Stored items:
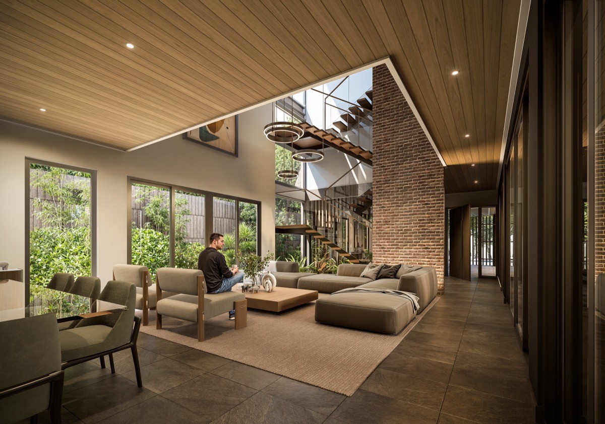 La estrategia se basa en hacer que el edificio “respire”. El aire entra por el patio, asciende de forma natural y evita la acumulación de calor o humedad en los corredores o en los espacios de servicio. Este enfoque mejora el confort interior sin depender exclusivamente de sistemas mecánicos, alineándose con principios de diseño responsable.
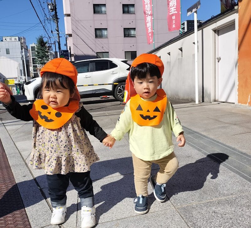 保育園に帰ってから園長先生に「トリックオアトリート!」と言ってお菓子を貰いました!
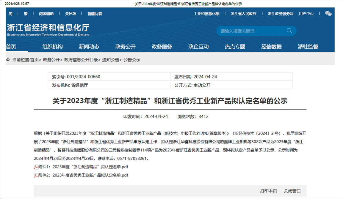 “浙江制造精品”旨在重點選擇一批具有自主知識產權和自主品牌、技術水平高、附加值大、產業能級高、帶動作用強的產品,以提升企業市場競爭能力和產業整體水平,加快浙江產業轉型升級和新興產業培育發展。被認定為“浙江制造精品”的產品將優先享受國家“互聯網+”政府采購政策。該項榮譽含金量高,入選目錄的產品,需要聚焦細分市場且在細分市場占據一定的主導地位;產品質量和主要技術性能指標處于國內同類產品領先水平或國際較好水平;擁有自身關鍵核心技術及自主知識產權;有較好的品牌知名度和美譽度。
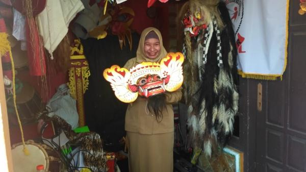 Dini Anggraini (20) lalu meliuk-liukkan tangannya, tubuh berlenggak-lenggok mengiringi musik. Lalu, seorang pria memakai topeng barong mendekatinya, menari bersama.
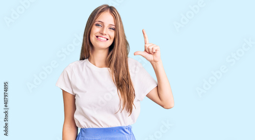 Young beautiful blonde woman wearing summer style smiling and confident gesturing with hand doing small size sign with fingers looking and the camera. measure concept.
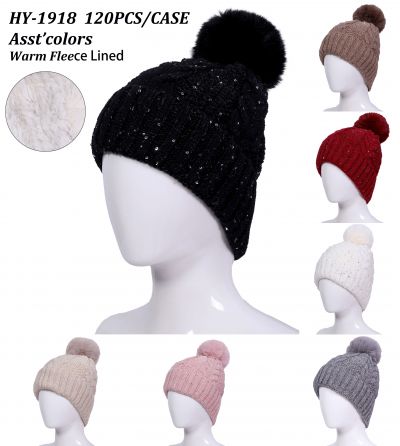 Women's Winter Knitted Pom Pom Beanie Hat with Faux Fur One Dozen Wholesale Assorted Colors
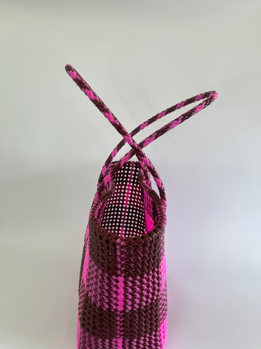 N°221L - SAC PANIER TRESSÉ MAIN - GRAND - bordeaux & rose clair
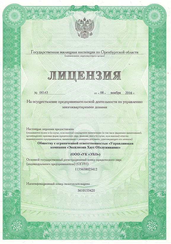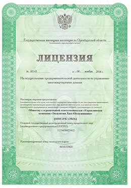 Общество с ограниченной ответственностью «Управляющая компания «Эксклюзив Хаус Обслуживание» осуществляет деятельность по управлению многоквартирными домами на основании лицензии № 00143 от 08.11.2016 г.
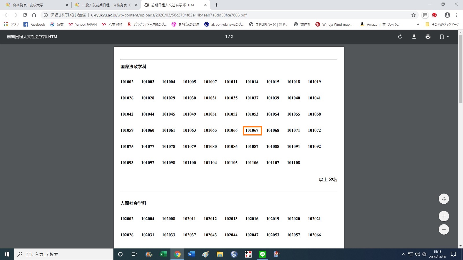 今年は琉球大学2名、沖国大2名、徳島文理大1名合格です。(延べ人数)
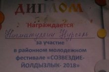 Воспитанник нашего детского сада Нигматуллин Нурсель принял участие в районном молодежном фестивале "Созвездие-Йолдызлык-2018". Нурсель был награжден Дипломом и прошел на второй тур.Молодец!!! Мы гордимся с тобой!!! Желаем успехов во втором туре!!!

EXERCISE BRIEF: Every line above should be reproduced exactly, please, with no pictures included.

TASK OUTPUT:
 La estrategia se basa en hacer que el edificio “respire”. El aire entra por el patio, asciende de forma natural y evita la acumulación de calor o humedad en los corredores o en los espacios de servicio. Este enfoque mejora el confort interior sin depender exclusivamente de sistemas mecánicos, alineándose con principios de diseño responsable.
 保育園に帰ってから園長先生に「トリックオアトリート!」と言ってお菓子を貰いました!
 “浙江制造精品”旨在重點選擇一批具有自主知識產權和自主品牌、技術水平高、附加值大、產業能級高、帶動作用強的產品,以提升企業市場競爭能力和產業整體水平,加快浙江產業轉型升級和新興產業培育發展。被認定為“浙江制造精品”的產品將優先享受國家“互聯網+”政府采購政策。該項榮譽含金量高,入選目錄的產品,需要聚焦細分市場且在細分市場占據一定的主導地位;產品質量和主要技術性能指標處于國內同類產品領先水平或國際較好水平;擁有自身關鍵核心技術及自主知識產權;有較好的品牌知名度和美譽度。
 Dini Anggraini (20) lalu meliuk-liukkan tangannya, tubuh berlenggak-lenggok mengiringi musik. Lalu, seorang pria memakai topeng barong mendekatinya, menari bersama.
 Young beautiful blonde woman wearing summer style smiling and confident gesturing with hand doing small size sign with fingers looking and the camera. measure concept.
 Women's Winter Knitted Pom Pom Beanie Hat with Faux Fur One Dozen Wholesale Assorted Colors
 N°221L - SAC PANIER TRESSÉ MAIN - GRAND - bordeaux & rose clair
 Общество с ограниченной ответственностью «Управляющая компания «Эксклюзив Хаус Обслуживание» осуществляет деятельность по управлению многоквартирными домами на основании лицензии № 00143 от 08.11.2016 г.
 今年は琉球大学2名、沖国大2名、徳島文理大1名合格です。(延べ人数)
 Воспитанник нашего детского сада Нигматуллин Нурсель принял участие в районном молодежном фестивале "Созвездие-Йолдызлык-2018". Нурсель был награжден Дипломом и прошел на второй тур.Молодец!!! Мы гордимся с тобой!!! Желаем успехов во втором туре!!!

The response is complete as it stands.